Напившись чаю, грызя при этом сахар и такой же жесткий хлеб, чурек, новоприбывшие закурили знакомые мне еще по городу папиросы и принялись за удивительные занятия.

Смуглый вытащил из сумки — вроде тех, какие я видела у степных охотников, — несколько убитых птичек, достал откуда-то ножик и пузырек с пенящейся жидкостью и принялся ни более ни менее, как снимать с птицы шкурку. Он делал это так, что не терялось почти ни одного перышка. Разложив птичку на своем колене и прорезав на брюшке шкурку, он ловко начал работать ножом и пальцами. Временами он брал щепотку песку и сыпал его на те места, где появлялись капли крови или вываливались внутренности.

Седой товарищ его вытащил из хуржуна красивый, гладкий деревянный ящик и, раскрыв его, начал осторожно перекладывать в него из каких-то стеклянных баночек разных мертвых насекомых, укладывая их рядком на настилку из ваты. Уложив таким образом все дно ящика, седой господин покрывал насекомых бумагой, настилал новый слой ваты и на него вновь клал ряды насекомых из других стеклянных банок.

Во время этих занятий, бесконечно заинтересовавших меня, я так увлеклась, что, высунувшись, хрустнула камышиной. Смуглый человек быстро обернулся в мою сторону, и его проницательный взор тотчас же открыл меня среди моего сквозящего убежища.

— Эге, Константин Егорович! Да здесь крысы водятся. Это для меня новость!

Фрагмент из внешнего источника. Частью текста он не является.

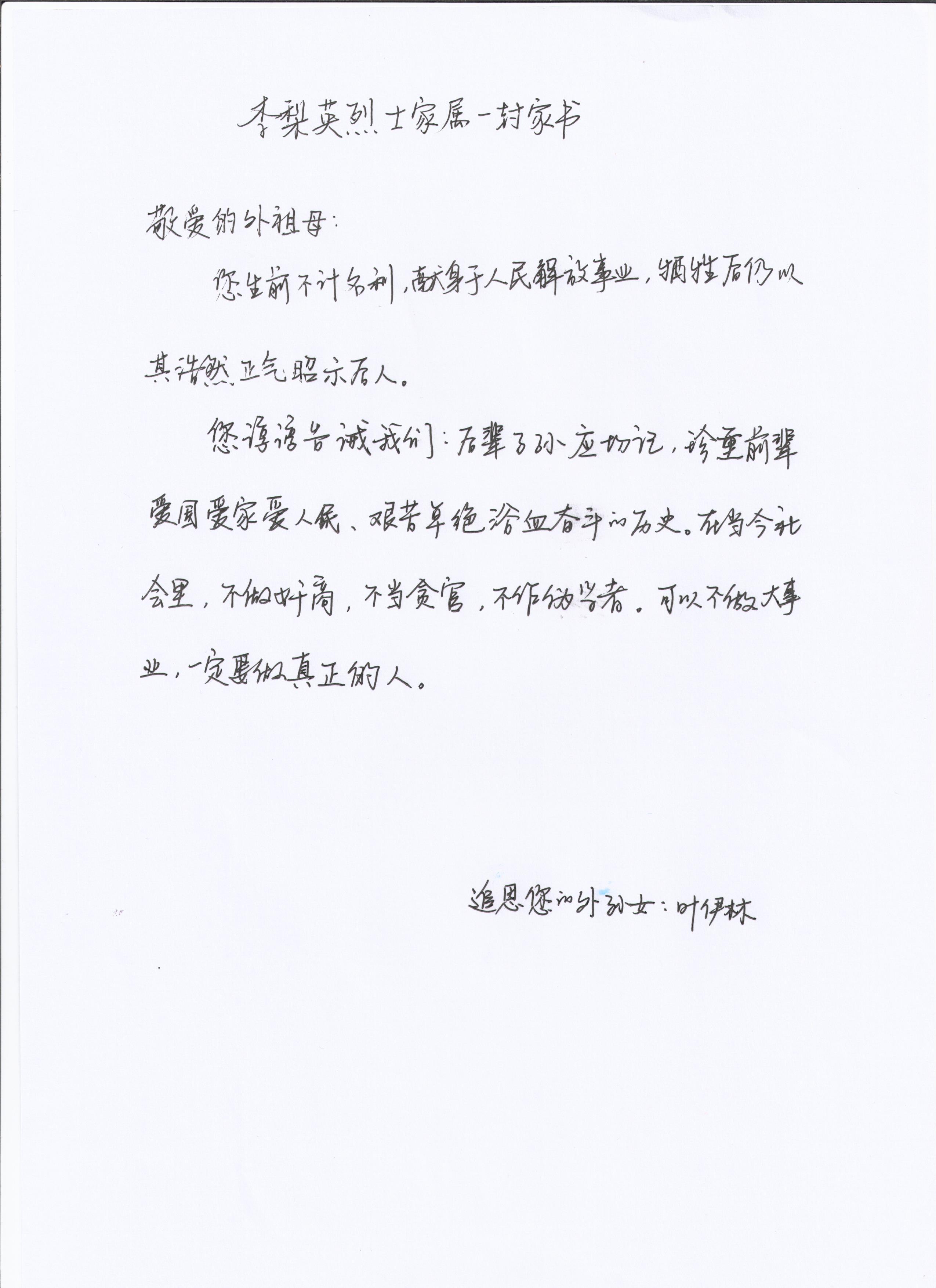 多位烈属给逝去的烈士亲人写下了家书。

Я так и обомлела. Я сразу прониклась мыслью о необходимости быстро что-либо предпринять. Но, заметив, что взор моего соглядатая, несмотря на блеск, не был угрожающим, я ограничилась тем, что также неподвижно уставилась на него парою своих черных глаз.

— Что тут удивительного, что и сюда забрался пасюк, — сказал спокойно седой. — Какая-нибудь случайность!

— Разумеется, здесь им не место разводиться, — сказал смуглый, — но все же удивительно: встретить такой экземпляр в хижине здешнего туркмена, затерянной среди песков и камышей исчезающего Узбоя!

— Не пугай ее, — крикнул он вдруг Джуме, собиравшемуся какой-то палкой пустить в мою сторону. — В случае чего, я всегда успею убить ее из ружья.

Благодарю покорно! Я попала в такое славное положение, что жизнь моя во всякую минуту была в полном распоряжении этого черномазого человека!

На этот раз мной овладел уже не страх, а ужас, к которому, словно насильно, примешалось крайнее удивление. Но вскоре ужас исчез, осталось одно удивление: чернявый господин отложил в сторону птицу, т.е. вернее, птичью шкурку, так как тушка ее уже лежала отдельно, взял огрызок чурека и бросил его к камышам, у которых я сидела.

В этом поступке было столько миролюбивого, что я, немного подумав, сделала то, на что не решилась бы, пожалуй, при других, менее угрожающих обстоятельствах. Я вышла из камышей и взяла осторожно кусок.

— Э, да ты не из пугливых! — продолжал чернявый господин. — Или, брат, уж очень проголодался!

Хозяин хижины что-то залопотал на своем ломаном языке, который был черномазым тотчас же переведен.

— Ты говоришь, она у тебя ашала чурека? Пожалуй, значит, не голодна. Да она ли поела-то? Может, не она ашала? А? Может быть, тот, который ашал, ушел туда: барам туда? А этот иок ашал? — допрашивал он туземца, указывая на камыши.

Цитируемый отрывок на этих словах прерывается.